**Brief**: The entries below contain pictures, which are to be left out; write out exactly, and only, the lines from the line with "Giá đỡ laptop, máy" up to and including the line with "全市场所有行业板块中主力多头".

**Records provided**:
════════════════════
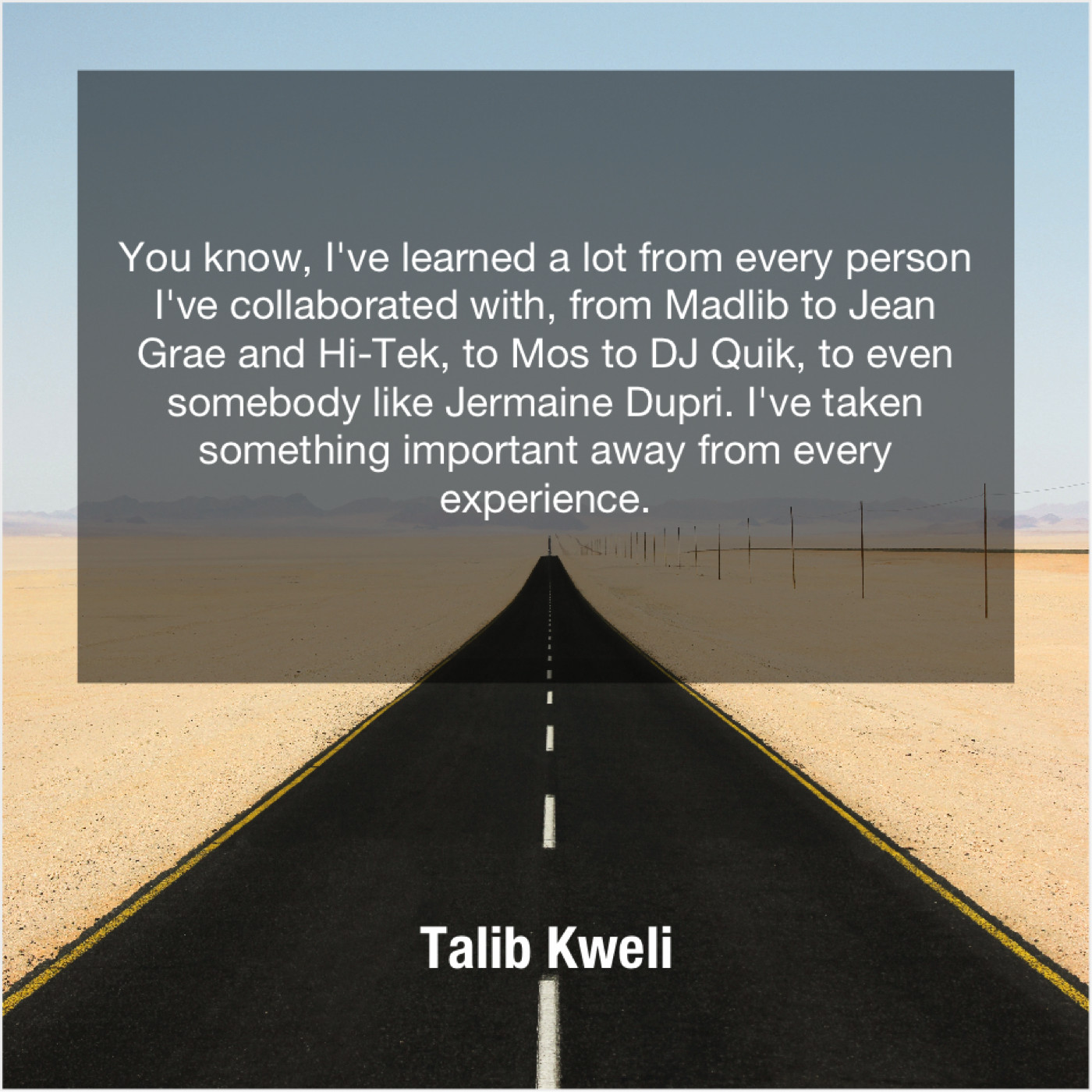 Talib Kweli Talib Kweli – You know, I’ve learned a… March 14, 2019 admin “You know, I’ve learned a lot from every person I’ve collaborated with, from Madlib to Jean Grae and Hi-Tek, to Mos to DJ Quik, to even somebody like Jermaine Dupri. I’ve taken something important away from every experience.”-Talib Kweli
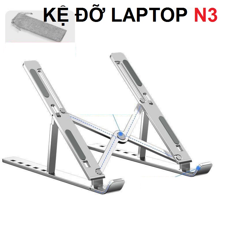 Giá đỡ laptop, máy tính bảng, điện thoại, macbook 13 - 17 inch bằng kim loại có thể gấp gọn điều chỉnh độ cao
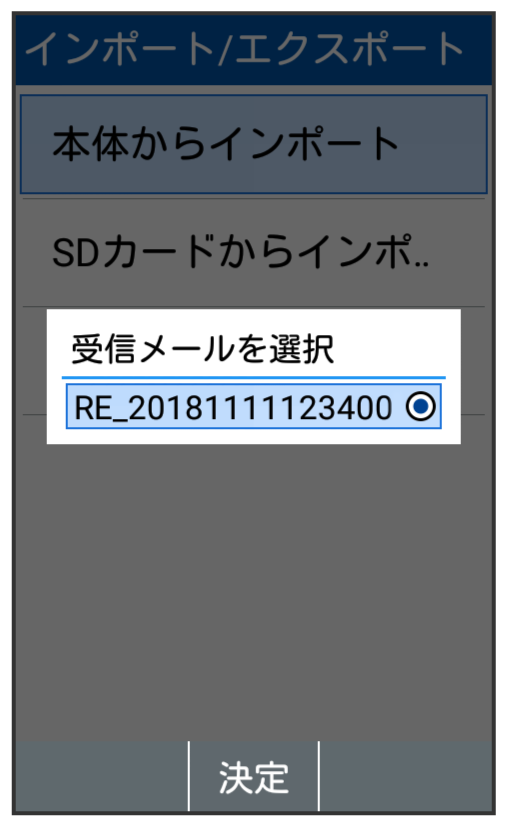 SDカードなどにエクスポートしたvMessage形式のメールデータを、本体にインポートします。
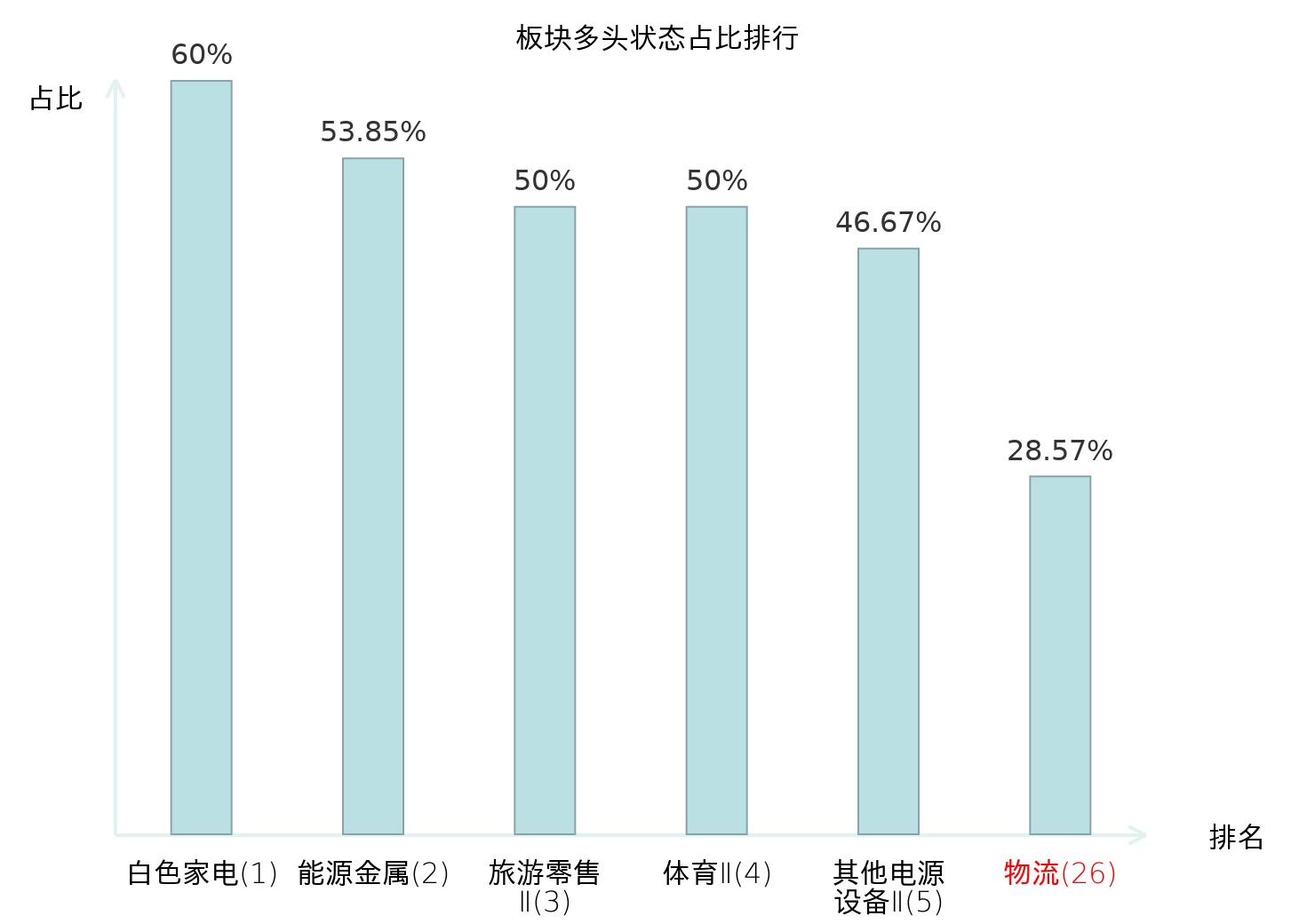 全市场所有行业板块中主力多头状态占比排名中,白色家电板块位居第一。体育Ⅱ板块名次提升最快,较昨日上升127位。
════════════════════
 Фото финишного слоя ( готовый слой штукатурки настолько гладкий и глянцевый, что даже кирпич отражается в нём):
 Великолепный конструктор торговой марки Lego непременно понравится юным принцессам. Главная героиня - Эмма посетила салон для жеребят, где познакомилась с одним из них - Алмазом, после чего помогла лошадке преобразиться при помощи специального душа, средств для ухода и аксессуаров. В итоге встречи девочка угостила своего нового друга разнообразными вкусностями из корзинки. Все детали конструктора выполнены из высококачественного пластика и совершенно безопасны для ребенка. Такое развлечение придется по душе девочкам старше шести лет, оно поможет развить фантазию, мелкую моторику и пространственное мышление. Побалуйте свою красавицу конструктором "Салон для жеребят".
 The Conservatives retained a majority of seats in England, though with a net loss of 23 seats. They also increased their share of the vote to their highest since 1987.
════════════════════
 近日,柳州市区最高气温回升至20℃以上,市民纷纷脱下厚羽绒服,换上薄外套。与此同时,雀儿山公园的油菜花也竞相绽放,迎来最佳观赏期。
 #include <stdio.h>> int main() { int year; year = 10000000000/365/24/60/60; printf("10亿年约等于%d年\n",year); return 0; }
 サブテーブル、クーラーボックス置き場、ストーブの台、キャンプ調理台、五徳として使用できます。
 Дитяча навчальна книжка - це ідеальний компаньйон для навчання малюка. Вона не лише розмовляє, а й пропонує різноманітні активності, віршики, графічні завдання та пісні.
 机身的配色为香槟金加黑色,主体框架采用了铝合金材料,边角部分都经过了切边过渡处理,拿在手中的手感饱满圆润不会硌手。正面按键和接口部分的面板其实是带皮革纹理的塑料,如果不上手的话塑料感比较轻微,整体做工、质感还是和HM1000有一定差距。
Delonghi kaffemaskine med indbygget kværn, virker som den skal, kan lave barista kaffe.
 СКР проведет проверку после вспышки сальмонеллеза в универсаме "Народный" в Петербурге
════════════════════
**Task response**:
 Giá đỡ laptop, máy tính bảng, điện thoại, macbook 13 - 17 inch bằng kim loại có thể gấp gọn điều chỉnh độ cao
 SDカードなどにエクスポートしたvMessage形式のメールデータを、本体にインポートします。
 全市场所有行业板块中主力多头状态占比排名中,白色家电板块位居第一。体育Ⅱ板块名次提升最快,较昨日上升127位。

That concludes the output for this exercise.